• _What to produce_
Starting with the first line of the listing, quote each line exactly until and including the one with "Figure S5. Rescue", leaving pictures out.
[Data provided — start]
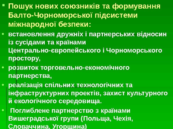 Пошук нових союзників та формування Балто-Чорноморської підсистеми міжнародної безпеки: • встановлення дружніх і партнерських відносин із сусідами та країнами Центрально-європейського і Чорноморського простору, • розвиток торговельно-економічного партнерства, • реалізація спільних технологічних та інфраструктурних проектів, захист культурного й екологічного середовища. • Поглиблене партнерство з країнами Вишеградської групи (Польща, Чехія, Словаччина, Угорщина)
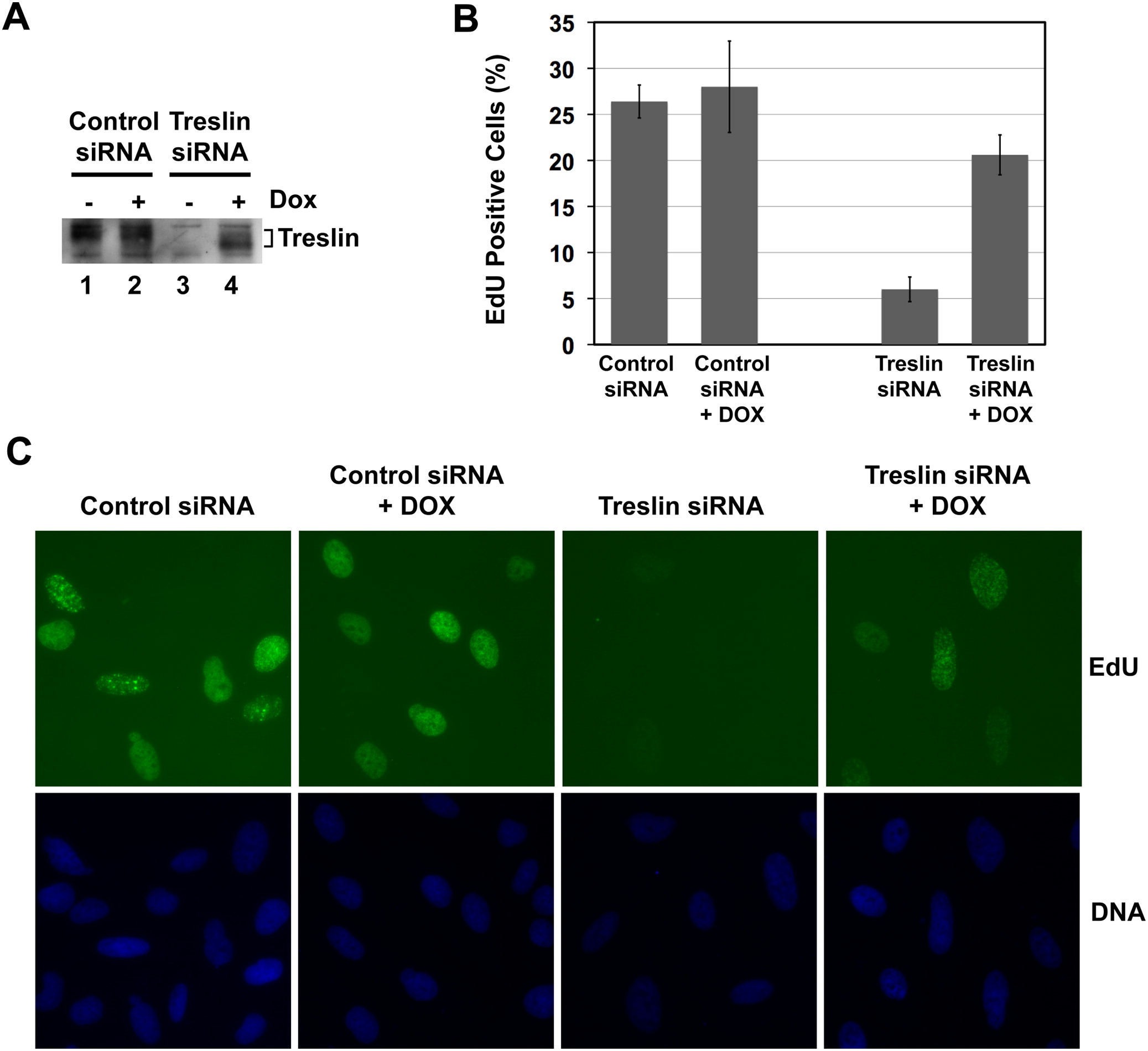 Figure S5. Rescue of DNA Replication in Treslin-Ablated Cells with Recombinant Treslin—Related to Figure 6 (A) U2OS T-REx cells capable of expressing an siRNA-resistant form of Treslin in a doxycycline-inducible manner were incubated for 24 hr in the absence (lanes 1 and 3) or presence of doxycycline (DOX) (lanes 2 and 4). The cells were then transfected with control siRNA (lanes 1 and 2) or Treslin siRNA #1 (lanes 3 and 4). After an additional 72 hr, cell lysates were prepared and immunoblotted for Treslin. (B) Quantitation of the percentage of cells incorporating EdU under the indicated conditions. Values were obtained from three independent experiments (mean ± standard deviation). (C) The indicated cultures were processed for visualization of incorporated EdU (top) or total DNA (bottom). |
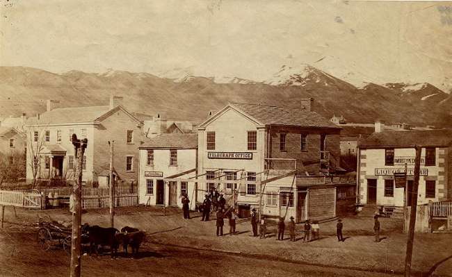 Photograph of the S.L.C. Telegraph Office. The photo is believed to be circa 1865. Note the wooden covered Wade Type Insulators on the pole in the foreground as well as across the road. A number of Wade insulators have been dug in the downtown Salt Lake City area by bottle collectors over the years. |
[Data provided — finish]
• _Exercise output_
 Пошук нових союзників та формування Балто-Чорноморської підсистеми міжнародної безпеки: • встановлення дружніх і партнерських відносин із сусідами та країнами Центрально-європейського і Чорноморського простору, • розвиток торговельно-економічного партнерства, • реалізація спільних технологічних та інфраструктурних проектів, захист культурного й екологічного середовища. • Поглиблене партнерство з країнами Вишеградської групи (Польща, Чехія, Словаччина, Угорщина)
 Figure S5. Rescue of DNA Replication in Treslin-Ablated Cells with Recombinant Treslin—Related to Figure 6 (A) U2OS T-REx cells capable of expressing an siRNA-resistant form of Treslin in a doxycycline-inducible manner were incubated for 24 hr in the absence (lanes 1 and 3) or presence of doxycycline (DOX) (lanes 2 and 4). The cells were then transfected with control siRNA (lanes 1 and 2) or Treslin siRNA #1 (lanes 3 and 4). After an additional 72 hr, cell lysates were prepared and immunoblotted for Treslin. (B) Quantitation of the percentage of cells incorporating EdU under the indicated conditions. Values were obtained from three independent experiments (mean ± standard deviation). (C) The indicated cultures were processed for visualization of incorporated EdU (top) or total DNA (bottom). |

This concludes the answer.